:: What to do ::
The answer must be every line of the data that holds the word "created".

Records for the task START

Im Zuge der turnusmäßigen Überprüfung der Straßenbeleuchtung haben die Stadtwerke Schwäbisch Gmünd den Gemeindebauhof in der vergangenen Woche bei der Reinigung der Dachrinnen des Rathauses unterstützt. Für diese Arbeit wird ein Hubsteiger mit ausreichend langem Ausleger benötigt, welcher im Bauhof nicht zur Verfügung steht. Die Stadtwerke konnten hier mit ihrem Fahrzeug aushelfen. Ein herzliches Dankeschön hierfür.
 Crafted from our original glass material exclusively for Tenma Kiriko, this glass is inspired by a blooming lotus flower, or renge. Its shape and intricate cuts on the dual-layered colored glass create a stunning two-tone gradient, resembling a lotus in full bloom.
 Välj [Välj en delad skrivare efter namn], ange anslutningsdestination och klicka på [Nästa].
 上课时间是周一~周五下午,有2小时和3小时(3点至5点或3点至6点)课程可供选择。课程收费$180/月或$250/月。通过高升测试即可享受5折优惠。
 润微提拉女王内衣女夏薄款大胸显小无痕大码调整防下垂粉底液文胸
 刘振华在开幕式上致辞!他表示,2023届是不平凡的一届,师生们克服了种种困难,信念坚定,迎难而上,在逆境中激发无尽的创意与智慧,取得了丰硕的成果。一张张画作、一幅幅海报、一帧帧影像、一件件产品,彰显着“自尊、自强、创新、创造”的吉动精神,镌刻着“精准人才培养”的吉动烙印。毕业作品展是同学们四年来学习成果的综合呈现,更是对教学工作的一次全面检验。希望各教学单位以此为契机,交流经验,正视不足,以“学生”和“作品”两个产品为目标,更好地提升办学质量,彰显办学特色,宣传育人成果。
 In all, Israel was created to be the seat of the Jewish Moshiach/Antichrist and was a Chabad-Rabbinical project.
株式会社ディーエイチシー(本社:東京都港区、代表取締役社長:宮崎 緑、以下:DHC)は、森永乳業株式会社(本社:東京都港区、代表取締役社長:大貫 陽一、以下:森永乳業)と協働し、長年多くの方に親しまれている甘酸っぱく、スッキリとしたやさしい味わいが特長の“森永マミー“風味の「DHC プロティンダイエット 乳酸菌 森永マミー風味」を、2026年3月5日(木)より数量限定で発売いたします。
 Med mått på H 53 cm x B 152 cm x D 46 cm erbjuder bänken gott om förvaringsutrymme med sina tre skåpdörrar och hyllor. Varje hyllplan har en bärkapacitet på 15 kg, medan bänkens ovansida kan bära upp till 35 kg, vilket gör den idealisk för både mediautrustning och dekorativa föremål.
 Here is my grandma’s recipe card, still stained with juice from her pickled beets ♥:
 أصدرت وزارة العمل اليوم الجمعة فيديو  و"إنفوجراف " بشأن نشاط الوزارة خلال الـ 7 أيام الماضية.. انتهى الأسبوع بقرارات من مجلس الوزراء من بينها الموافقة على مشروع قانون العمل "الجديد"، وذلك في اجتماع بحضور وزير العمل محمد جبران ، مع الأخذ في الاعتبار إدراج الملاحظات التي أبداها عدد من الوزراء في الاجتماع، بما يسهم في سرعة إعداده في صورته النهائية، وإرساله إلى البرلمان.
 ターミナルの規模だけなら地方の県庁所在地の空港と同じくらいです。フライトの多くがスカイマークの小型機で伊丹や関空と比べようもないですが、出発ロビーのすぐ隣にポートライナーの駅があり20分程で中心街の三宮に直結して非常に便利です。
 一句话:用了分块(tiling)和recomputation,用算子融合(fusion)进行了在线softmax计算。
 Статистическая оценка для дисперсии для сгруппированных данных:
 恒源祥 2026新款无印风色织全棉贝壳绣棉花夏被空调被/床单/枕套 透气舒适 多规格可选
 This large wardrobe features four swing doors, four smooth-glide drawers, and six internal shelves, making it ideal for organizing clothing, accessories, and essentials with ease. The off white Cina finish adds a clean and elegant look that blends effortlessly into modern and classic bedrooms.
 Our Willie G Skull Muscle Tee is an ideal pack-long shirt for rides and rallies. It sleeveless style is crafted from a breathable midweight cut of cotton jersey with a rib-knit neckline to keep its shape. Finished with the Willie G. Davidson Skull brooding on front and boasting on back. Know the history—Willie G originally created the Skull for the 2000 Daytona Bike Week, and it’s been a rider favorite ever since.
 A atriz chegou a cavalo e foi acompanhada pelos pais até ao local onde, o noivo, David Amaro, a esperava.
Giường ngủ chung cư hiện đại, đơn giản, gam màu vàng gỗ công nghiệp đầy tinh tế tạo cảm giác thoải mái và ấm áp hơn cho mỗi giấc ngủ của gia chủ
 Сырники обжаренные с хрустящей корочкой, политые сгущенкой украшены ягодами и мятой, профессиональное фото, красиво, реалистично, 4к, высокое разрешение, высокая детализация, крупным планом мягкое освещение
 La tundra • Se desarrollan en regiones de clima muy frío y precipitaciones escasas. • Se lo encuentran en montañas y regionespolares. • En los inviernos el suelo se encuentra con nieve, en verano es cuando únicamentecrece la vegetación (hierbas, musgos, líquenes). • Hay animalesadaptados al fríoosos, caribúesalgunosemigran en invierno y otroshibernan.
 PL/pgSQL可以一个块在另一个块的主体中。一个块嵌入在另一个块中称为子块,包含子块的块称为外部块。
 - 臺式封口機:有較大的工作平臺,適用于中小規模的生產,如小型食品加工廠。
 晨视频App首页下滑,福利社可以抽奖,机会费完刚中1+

Records for the task END

:: Task solution ::
 In all, Israel was created to be the seat of the Jewish Moshiach/Antichrist and was a Chabad-Rabbinical project.
 Our Willie G Skull Muscle Tee is an ideal pack-long shirt for rides and rallies. It sleeveless style is crafted from a breathable midweight cut of cotton jersey with a rib-knit neckline to keep its shape. Finished with the Willie G. Davidson Skull brooding on front and boasting on back. Know the history—Willie G originally created the Skull for the 2000 Daytona Bike Week, and it’s been a rider favorite ever since.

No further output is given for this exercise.